We’ve made some key changes and improvements to how our SMART workouts get converted into regular workouts that you perform on other systems. Workouts with variable power intervals (XSSR intervals for those that are familiar with unique Xert feature) get better converted now making them easier to complete on other system when imported. For example. SMART - Closer 150 looks like this on Xert:
Note how the previous conversion used the same start and end power values which ended up making the workout harder and with more XSS overall. With the new conversion method, the start and end power targets change to allow the XSS values line up more closely with the existing workout on Xert making the workout easier to do and better for your training.
FYI, if you have the workout already loaded on Zwift, you may need to remove it first before Zwift updates the definition. Use the Zwift Sync page to Unschedule it first and the send it again. Cheers.
Excellent, thank you. One day after my very hard SMART Closer 150 workout on MyWhoosh, which I messaged about. Is this just a coincidence /planned anyway or did my message influence the change? Either way a great improvement. Not sure I’ll be trying it again any time soon for fear of flash-backs to the MAXIMAL EFFORT TIMES of 9 minutes and a 4.5 DIFFICULTY RATING
That’s funny because I also recently completely failed one of the Closer workouts. This change at least gives me a fighting chance. I’ve always struggled with intensity though, even using Xert EBC for full SMART workouts. I think I need the SMARTer workouts that realize my weakness is real and takes baby steps…
I hear you Brian. I’m determined to follow my Xert-generated schedule to prep for my typical gravel race in April. This means doing more Xert workouts on Zwift—yesterday I did MachineHead. But, boy, I’m always afraid when I see a hard workout scheduled as the Xert workouts ARE hard—the system knows just how to push you to the limit. (The MPA model works!) I’m 59 and just don’t feel often to be pushed to the limit
Hi, good to see improvements for that even though imo curvilinear and linear intervals are not the same. I would have preferred a solution to simulate the curves with chained ramps like this GitHub - Feavy/xert-zwift-curvilinear to stick more to the intended workout. As an option maybe?
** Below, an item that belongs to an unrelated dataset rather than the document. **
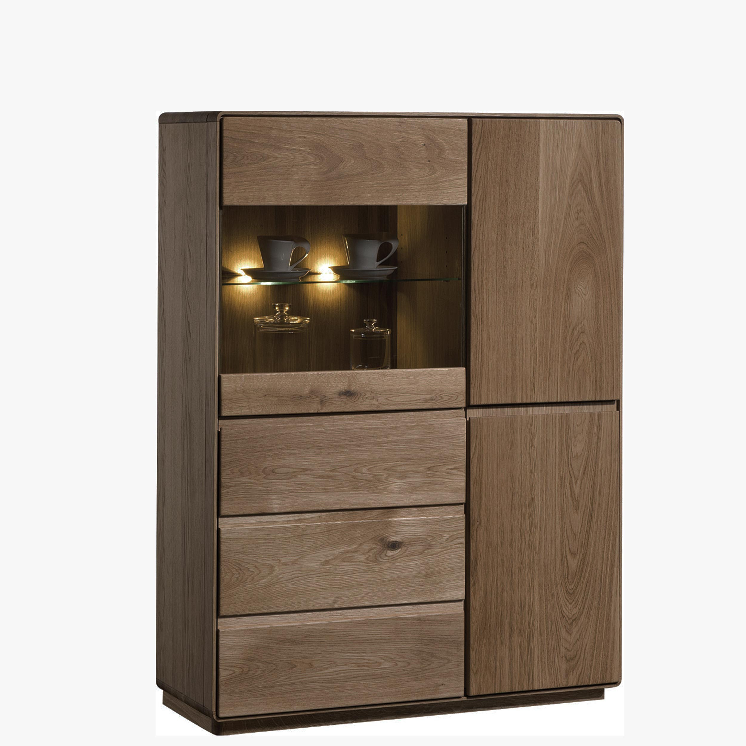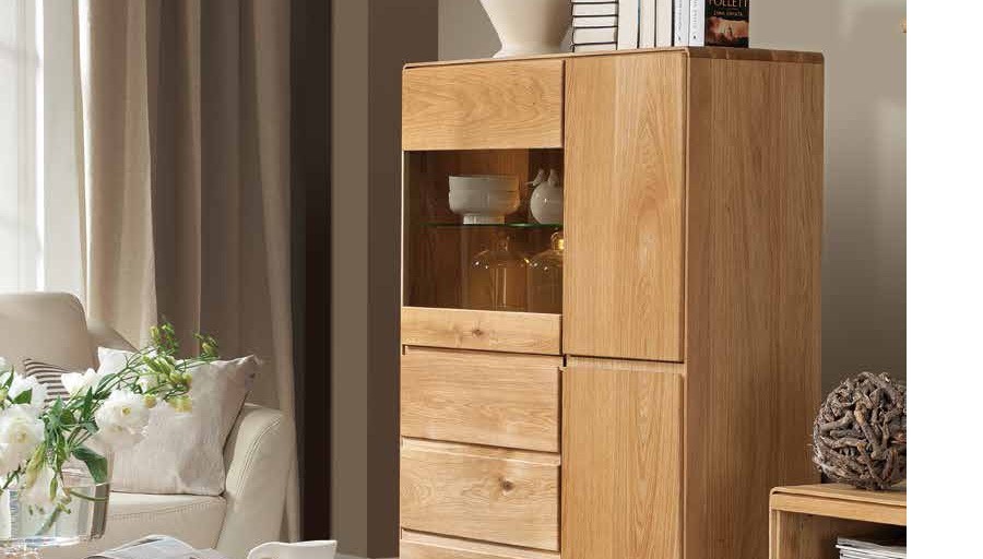 Luxusná dubová vitrína z masívu predstavuje skutočný klenot medzi nábytkom. Očarí každého, kto vyznáva krásu prírodného dreva i poctivo odvedenej remeselnej práce. Návrh renomovaného zahraničného dizajnéra vtlačil komode vzdušný, minimalistický štýl, ktorý podčiarkuje systém bezúchytkového otvárania dvierok a zásuviek. Robustný dojem masívnej dubovej vitríny zmierňujú mierne zaoblené hrany. Krása prírodného duba prostredníctvom vitríny pôsobí doslova na všetky zmysly!

Thanks, looking forward to testing this on Rouvy. Will I have to make sure that estimated Threshold Power in Xert and FTP in Rouvy are always set to identical values (thus, readjusting Rouvy setting continously)?
I’ve always wondered why they didn’t just do a curve fit like this. At first I figured it was because they thought nobody really used Zwift anyway. When that turned out to be obviously not be the case (when they added ZWO file exports), I thought it was because they were hopeful they could convince Zwift to add support for ramped curves or, even better, SMART workouts.
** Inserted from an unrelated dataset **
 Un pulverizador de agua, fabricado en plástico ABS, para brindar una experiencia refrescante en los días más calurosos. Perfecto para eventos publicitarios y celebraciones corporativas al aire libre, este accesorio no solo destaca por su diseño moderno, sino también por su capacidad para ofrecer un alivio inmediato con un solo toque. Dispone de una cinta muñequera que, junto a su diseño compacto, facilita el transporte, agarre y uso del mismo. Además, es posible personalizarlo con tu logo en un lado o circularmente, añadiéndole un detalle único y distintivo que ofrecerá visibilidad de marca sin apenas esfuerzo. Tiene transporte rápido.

I’ve manually done this myself just messing around in the past but obviously automating the process is really cool. Even better adding a one-click solution to Xert web pages!
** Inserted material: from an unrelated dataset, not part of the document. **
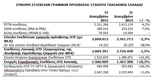 Το Δ’ τρίμηνο του 2015, η συνολική αγορά πρόσβασης στην Ελλάδα (ενεργοί συνδρομητές λιανικής ΟΤΕ, χονδρική εκμίσθωση γραμμών και συνδρομητές πλήρους Αδεσμοποίητης Πρόσβασης στον Τοπικό Βρόχο) κατέγραψε αύξηση 10.000 γραμμών. Ο ΟΤΕ κατέγραψε 8.000 καθαρές νέες συνδέσεις, η πρώτη καθαρή αύξηση μετά από 10 χρόνια πτώσης.

Hi, how do imported SMART workouts work in Zwift? Do they adapt during the workout, or do they stay the same the whole time?
Also, does the adaptation in SMART workouts only work in Mixed Mode? I’m not sure I’m understanding that correctly.
I run the SMART workout through the Xert EBC app on iOS and let it control the ride in Zwift (I have trainer control turned off in Zwift). On the trainer I’m using virtual shifting because I have a Zwift Cog. Do SMART workouts still work with this setup?
And what exactly does a SMART workout offer compared to workouts that aren’t SMART?
These two articles detail how SMART intervals differ, why they work better than %FTP for both work and rest intervals, and how they scale to an individual’s fitness signature.
One type of SMART interval (dynamic) is adaptive, but there are many others not anchored on %FTP.
SMART workouts synced to Zwift are dumbed down and converted to %FTP blocks.
If the workout included any dynamic intervals, they are not adaptive on Zwift.
If you want the full benefits of SMART intervals you need to run them on EBC.
MIXEDMODE refers to workouts that automatically switch to Slope mode on EBC with targets watts under your control (gears/cadence). This is usually a high watt interval where the goal is a max effort for X seconds. On Zwift you’ll get a relative target in that range, but you don’t have the opportunity to exceed the target like you would on EBC.
I don’t have a COG with virtual shifting so can’t comment on how well that works. I’ll leave that to others to chime in.